By Tim Radford / Climate News Network

    A forest in Laos, one of four countries in danger of losing all of its natural wild woodland within 20 years. (JakobErde via Flickr)

LONDON — Here is how to turn a forest into a carbon-consuming machine that will help contain global warming. Leave it alone. Let it grow. Do not log it. It will sequester only so much carbon, but there are sure to be other benefits, according to some fresh thinking by a distinguished plant ecologist.

And is the world listening? Probably not. The planet’s stock of natural wild woodland — the technical term is intact forest landscape — which protects biodiversity, stores carbon and manages the water supply, is dwindling.

A new study calculates that the area of intact forest landscape shrank over the first 13 years of this century by almost 1 million square kilometres, and the rate of loss has accelerated dramatically in the most recent three years.

Research such as this is vital because, although the most visible attempts to reduce global warming and mitigate climate change depend on lowering greenhouse gas emissions from fossil fuel combustion, there is another, parallel, approach: to limit the emissions that spring from land use change, chiefly by preserving natural forests.

Forest carbon

Christian Körner of the University of Basel in Switzerland argues in the journal Science that forest trees will sequester more atmospheric carbon than they release only while they stay alive.

Trees may grow faster in response to rising temperatures and the fertilising stimulus of more available carbon dioxide, but if the lifespan shrinks as a consequence, any gain will be shortlived.

So commercial plantations are not the answer. He and colleagues at Basel have already demonstrated that mature forests are intricate vegetable co-operatives that have devised intricate ways of sharing resources and managing nutrients.

Other studies have separately confirmed that old forest giants paradoxically store more carbon than young, fast-growing competitors, and that natural, highly diverse woodland is a better instrument for atmospheric carbon absorption.

“The most effective way to enhance forest carbon storage,” Professor Körner writes, “is to prevent logging old-growth forests and to extend the forested land area. Once these new forests reach their storage capacity, they will not sequester additional carbon, irrespective of how fast trees grow and turn over carbon.”

So to contain global warming, natural forests must be protected. But forest is being lost: burned, felled, or cleared for farmland or mineral extraction.

Scientists from the US, Russia, Germany and Canada report in Science Advances that they used satellite data to monitor changes from 2000 to 2013 in intact forest landscape.

They define this as “a seamless mosaic of forests and associated natural treeless ecosystems that exhibit no remotely detected signs of human activity or habitat fragmentation and are large enough to maintain all native biological diversity, including viable populations of wide-ranging species”.

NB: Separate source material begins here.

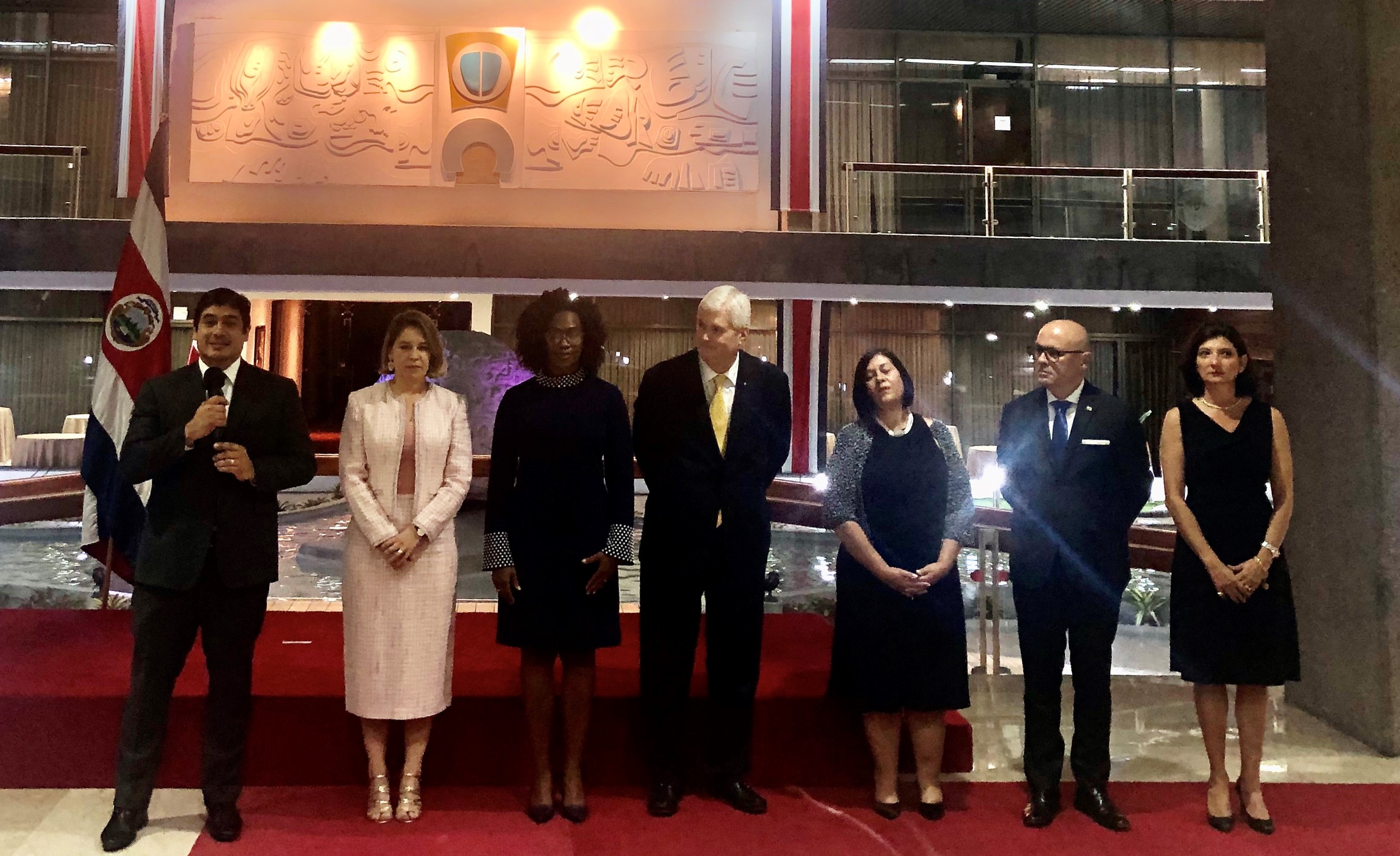 Presidente Carlos Alvarado; Primera Dama Claudia Dobles; Vicepresidenta Epsy campbell; Canciller Manuel Ventura; Vicecanciller Lorena Aguilar; Canciller designado, Rodolfo Solano; y Vicecanciller designada, Adriana Bolaños.

And they found that these landscapes dwindled by 919,000 square kilometres over the first 13 years of this century. Altogether, at the beginning of the century, 65 countries could boast these intact forest landscapes.

Russia surrendered 179,000 sq km, Brazil 157,000 sq km and Canada 142,000 sq km: this alone added up to 52% of the total. Romania lost all its intact landscapes; Paraguay 79% of them.

Rate of loss

And, the scientists warn, if this rate of loss continues, Paraguay, Laos, Cambodia and Equatorial Guinea will lose all their intact forest landscapes within the next 20 years.

Logging was the principal agency of loss, and farming expansion came second. Palm oil plantation accounted for just 0.2% of the total loss. Fires linked to human action accounted for 21%. In Australia, 64% of loss could be linked to gold and other mineral exploitation.

The authors warn that the density of stored carbon in tropical climates was far greater in these intact forest landscapes than in the rest of the forest zone.

But these same intact landscapes can be “reduced very rapidly, in a matter of months and years, by increased fragmentation and access, even without changes in tree canopy cover.

“On the other hand, intactness is hard to gain, at least within a short time span. That is why intact landscapes should be treated as having high (or even the highest) conservation value.”

Tim Radford, a founding editor of Climate News Network, worked for The Guardian for 32 years, for most of that time as science editor. He has been covering climate change since 1988.